TASK STATEMENT
Your answer must be the full listing, word for word, with no images in it.

--- AVAILABLE DATA ---

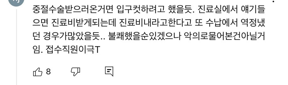 직원은 “환자가 미혼이기도 하고 혹시 중절수술하려고 하는건지? 우리 병원은 미혼 중절수술 안 받는다.”고 안내하려 했다 함
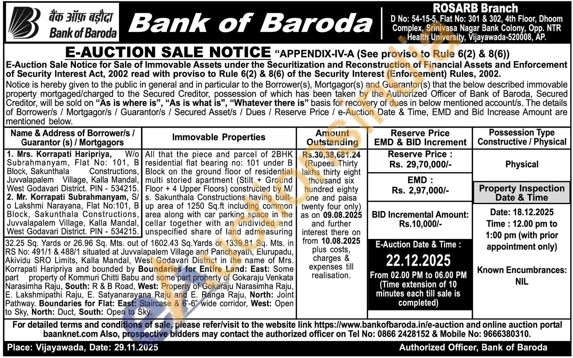 All that the piece and parcel of 2BHK residential flat bearing no: 101 under B Block on the ground floor of residential multi storied apartment (Stilt + Ground Floor + 4 Upper Floors) constructed by M/S. Sakunthala Constructions having built-up area of 1250 Sq.ft including common area along with car parking space in thecellar together with an undivided and . unspecified share of land admeasuring 32.25 Sq. Yards or 26.96 Sq. Mts. out of 1602.43 Sq. Yards or 1339.81 Sq. Mts. in RS No: 491/1 & 488/1 situated at Juvvalapalem Village and Panchayath, Elurupadu, Akividu SRO Limits, Kalla Mandal, West Godavari District in the name of Mrs. Korrapati Haripriya and bounded by Boundaries for Entire Land: East: Some part property of Kommuri Chitti Babu and some part property of Gokaraju Venkata Narasimha Raju, South: R & B Road, West: Property of Gokaraju Narasimha Raju, E. Lakshmipathi Raju, E. Satyanarayana Raju and E. Ranga Raju, North: Joint Pathway. Boundaries for Flat: East: Staircase & 6'-6" wide corridor, West: Open to Sky, North: Duct, South: Open to Sky.
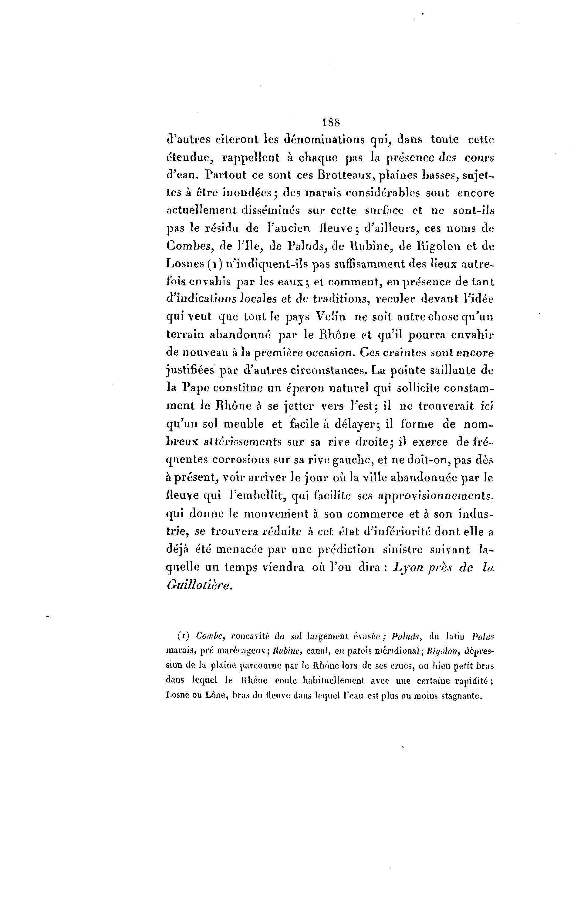 188 d'autres citeront les dénominations qui,, dans toute cette étendue, rappellent à chaque pas la présence des cours d'eau. Partout ce sont ces Brotteaux, plaines basses, sujet- tes à être inondées5 des marais considérables sont encore actuellement disséminés sur cette surface et ne sont-ils pas le résidu de l'ancien fleuve ; d'ailleurs, ces noms de Combes, de l'Ile, de Paluds, de Rubine, de Rigolon et de Losnes (1) n'indiquent-ils pas suffisamment des lieux autre- fois envahis par les eaux ; et comment, en présence de tant d'indications locales et de traditions, reculer devant l'idée qui veut que tout le pays Velin ne soit autre chose qu'un terrain abandonné par le Rhône et qu'il pourra envahir de nouveau à la première occasion. Ces craintes sont encore justifiées par d'autres circonstances. La pointe saillante de la Pape constitue un éperon naturel qui sollicite constam- ment le Rhône à se jetter vers l'est; il ne trouverait ici qu'un sol meuble et facile à délayer; il forme de nom- breux attériesements sur sa rive droite; il exerce de fré- quentes corrosions sur sa rive gauche, et ne doit-on, pas dès à présent, voir arriver le jour où la ville abandonnée par le fleuve qui l'embellit, qui facilite ses approvisionnements, qui donne le mouvement à son commerce et à son indus- trie, se trouvera réduite à cet état d'infériorité dont elle a déjà été menacée par une prédiction sinistre suivant la- quelle un temps viendra où l'on dira : Lyon près de la Guïllotiere. (1) Combe, concavité du sol largement évasée; Paluds, du latin Palus marais, pré marécageux; liubine, canal, en patois méridional; Rigolon, dépres- sion de la plaine parcourue par le Rhôue lors de ses crues, ou bien petit bras dans lequel le Rhône coule habituellement avec une certaine rapidité ; Losne ou Lône, bras du fleuve dans lequel l'eau est plus ou moins stagnante.

---

ANSWER SECTION
 직원은 “환자가 미혼이기도 하고 혹시 중절수술하려고 하는건지? 우리 병원은 미혼 중절수술 안 받는다.”고 안내하려 했다 함
 All that the piece and parcel of 2BHK residential flat bearing no: 101 under B Block on the ground floor of residential multi storied apartment (Stilt + Ground Floor + 4 Upper Floors) constructed by M/S. Sakunthala Constructions having built-up area of 1250 Sq.ft including common area along with car parking space in thecellar together with an undivided and . unspecified share of land admeasuring 32.25 Sq. Yards or 26.96 Sq. Mts. out of 1602.43 Sq. Yards or 1339.81 Sq. Mts. in RS No: 491/1 & 488/1 situated at Juvvalapalem Village and Panchayath, Elurupadu, Akividu SRO Limits, Kalla Mandal, West Godavari District in the name of Mrs. Korrapati Haripriya and bounded by Boundaries for Entire Land: East: Some part property of Kommuri Chitti Babu and some part property of Gokaraju Venkata Narasimha Raju, South: R & B Road, West: Property of Gokaraju Narasimha Raju, E. Lakshmipathi Raju, E. Satyanarayana Raju and E. Ranga Raju, North: Joint Pathway. Boundaries for Flat: East: Staircase & 6'-6" wide corridor, West: Open to Sky, North: Duct, South: Open to Sky.
 188 d'autres citeront les dénominations qui,, dans toute cette étendue, rappellent à chaque pas la présence des cours d'eau. Partout ce sont ces Brotteaux, plaines basses, sujet- tes à être inondées5 des marais considérables sont encore actuellement disséminés sur cette surface et ne sont-ils pas le résidu de l'ancien fleuve ; d'ailleurs, ces noms de Combes, de l'Ile, de Paluds, de Rubine, de Rigolon et de Losnes (1) n'indiquent-ils pas suffisamment des lieux autre- fois envahis par les eaux ; et comment, en présence de tant d'indications locales et de traditions, reculer devant l'idée qui veut que tout le pays Velin ne soit autre chose qu'un terrain abandonné par le Rhône et qu'il pourra envahir de nouveau à la première occasion. Ces craintes sont encore justifiées par d'autres circonstances. La pointe saillante de la Pape constitue un éperon naturel qui sollicite constam- ment le Rhône à se jetter vers l'est; il ne trouverait ici qu'un sol meuble et facile à délayer; il forme de nom- breux attériesements sur sa rive droite; il exerce de fré- quentes corrosions sur sa rive gauche, et ne doit-on, pas dès à présent, voir arriver le jour où la ville abandonnée par le fleuve qui l'embellit, qui facilite ses approvisionnements, qui donne le mouvement à son commerce et à son indus- trie, se trouvera réduite à cet état d'infériorité dont elle a déjà été menacée par une prédiction sinistre suivant la- quelle un temps viendra où l'on dira : Lyon près de la Guïllotiere. (1) Combe, concavité du sol largement évasée; Paluds, du latin Palus marais, pré marécageux; liubine, canal, en patois méridional; Rigolon, dépres- sion de la plaine parcourue par le Rhôue lors de ses crues, ou bien petit bras dans lequel le Rhône coule habituellement avec une certaine rapidité ; Losne ou Lône, bras du fleuve dans lequel l'eau est plus ou moins stagnante.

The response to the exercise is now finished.